Esta abordagem pode ser entendida como uma variação da intelectualização, um mecanismo de defesa quer do isolamento do afecto, quer da tradução psicológica de questões emocionais em termos intelectuais. Paradoxalmente, nos versos iniciais do poema IX (Sou um guardador de rebanhos), Caeiro introduz a metáfora central do poema: o poeta como guardião de rebanhos, sendo o rebanho o seu próprio pensamento.
Esta metáfora sublinha a ideia de que os pensamentos de Caeiro, como um rebanho, são simples e naturais. Ele não se envolve em ponderações filosóficas complexas, mas, em vez disso, abraça o imediatismo da experiência sensorial. Caeiro sugere que a verdadeira compreensão vem de um envolvimento directo com o objecto ou ideia em questão. Concebe o acto de pensar numa flor através da visão e do cheiro. Esta abordagem sensorial, quase primitiva, do pensamento sublinha a rejeição do raciocínio abstracto e despegado.
Recorrendo a outro paradoxo, Caeiro sugere que embora a sua abordagem não produza necessariamente uma compreensão intelectualmente estruturada sobre um determinado assunto, permite-lhe compreendê-lo a um nível mais profundo e intuitivo. Nesse sentido, para Caeiro a complexidade parece emergir paulatinamente da repetição sensorial da simplicidade.
Curiosamente este confronto semântico entre simplicidade e complexidade também encontra eco no mundo dos vinhos. Como avaliaria Caeiro a complexidade de um vinho? Para responder a essa pergunta vamos ter de passar de Caeiro para Matt Kramer (um dos colaboradores mais afamados da revista americana "Wine Spectator" e um apaixonado pelos vinhos do Douro). Li há uns tempos no seu livro "How to taste wine", que a complexidade (segundo ele uma das seis palavras mais importantes no mundo vínico) é a capacidade que um vinho tem para nos transmitir uma sensação de dinamismo, de incerteza ou de surpresa sempre que regressámos ao copo para o provar.
O problema, porém, é que para não variar, esta definição não é consensual. Muitas vezes, em prova, a complexidade é erradamente (quanto a mim) associada com quantidade, com soma e com "mais": mais sabor, mais textura, mais aromas. Nesses casos a palavra "complexidade" parecia funcionar como um "conta-aromas" de coisas a provar, materializando-se numa longa lista de descritores, onde a surpresa, o dinamismo, ou a incerteza são simplesmente chutados para um canto.

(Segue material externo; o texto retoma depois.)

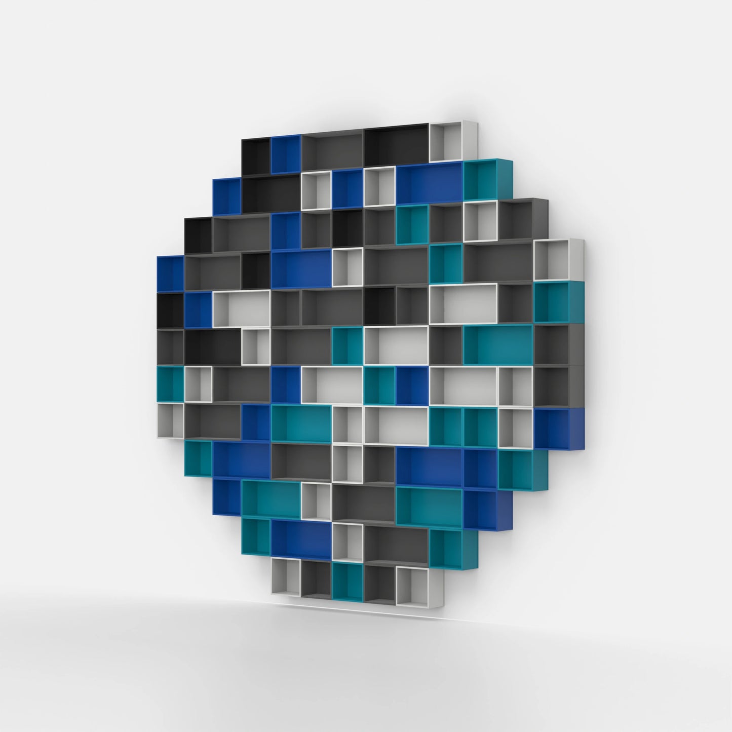 Die Regalmodule orientieren sich an den gängigen Literatur- und Musikformaten, z.B. Din A4, A5, Aktenordnern, Atlanten, Bildbänden & Schallplatten. Dieses vom Inhalt kommende Größen-Raster ermöglicht einen einzigartigen skulpturalen Look.

Outro problema decorre da batalha semântica entre o simples e o complexo. Um vinho simples não necessita forçosamente de ser barato, fácil ou de qualidade inferior. Não tem de ser um adjectivo pejorativo, certo? Pode haver incerteza, intensidade e surpresa na simplicidade. Reparem nos exemplos que a arte nos oferece: na espiritualidade, infinito e eternidade do "Several Circles" de Kandinsky; no existencialismo humanista do "Man Pointing" de Alberto Giacometti ou a alegria, inocência e melódico-agressividade dos solos de guitarra de George Harrison.

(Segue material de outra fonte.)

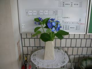 地域の方のご好意による生け花が玄関で来校者を出迎えています。グラジオラス、菖蒲、ヒマワリなど週代わりの季節の花で、今は紫陽花です。気持ちが和みます。 |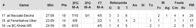 Barcelona a întâlnit și înving pe Maccabi Tel-Aviv, Fenerbahce Istanbul (ambele în deplasare), respectiv Khimki Moscova (pe teren propriu), în perioada în care Tomic a fost cel mai bun jucător al ligii. Iată linia statistică a jucătorului de 2.17 metri în cele trei partide:

É por isso que tal como na arte, nos vinhos a palavra “complexo” talvez não seja a melhor bitola para avaliar todos os grandes vinhos, pois existem alguns que também podem ser reconhecidos pela sua pureza, pelo seu dinamismo ou pela sua subtileza. Todas estas questões semânticas surgiram-me aquando da apresentação das novas colheitas dos vinhos Churchill´s Estate Grafite e Quinta da Gricha.
Estes são vinhos que para além de colocarem em "confronto" a simplicidade minimalista dos rótulos com a complexidade incerta, intensa e surpreendente dos seus vinhos, usam esse confronto interior/exterior para realçar a riqueza daquilo que produzem. John Graham fundou a Churchill's em 1981, tornando-a na primeira empresa de vinho do Porto a ser estabelecida em 50 anos. John Graham queria continuar a longa tradição nos vinhos do Porto da sua família, mas ao mesmo tempo criar o seu próprio estilo de vinhos.
Ao contrário do que possam pensar, Churchill’s não é uma homenagem ao primeiro-ministro britânico viciado em Champanhe, mas sim um tributo à história de amor que vive com a sua esposa, Caroline Churchill. A compra da Quinta da Gricha em 1999 foi um passo não só importante como também fundamental para levar a Churchill’s à produção de vinhos do Douro e a torná-los um caso de particular sucesso.
Enquanto as outras casas de vinho do Porto têm séculos de existência, a Churchill’s ainda tem o seu fundador ao comando e é hoje a última casa ‘produtora-exportadora’ britânica independente. Os vinhos do Douro da Churchill’s nasceram de uma longa parceria entre John e o enólogo Ricardo Pinto Nunes. São vinhos que privilegiam a fruta, a frescura, e o respeito pelo terroir.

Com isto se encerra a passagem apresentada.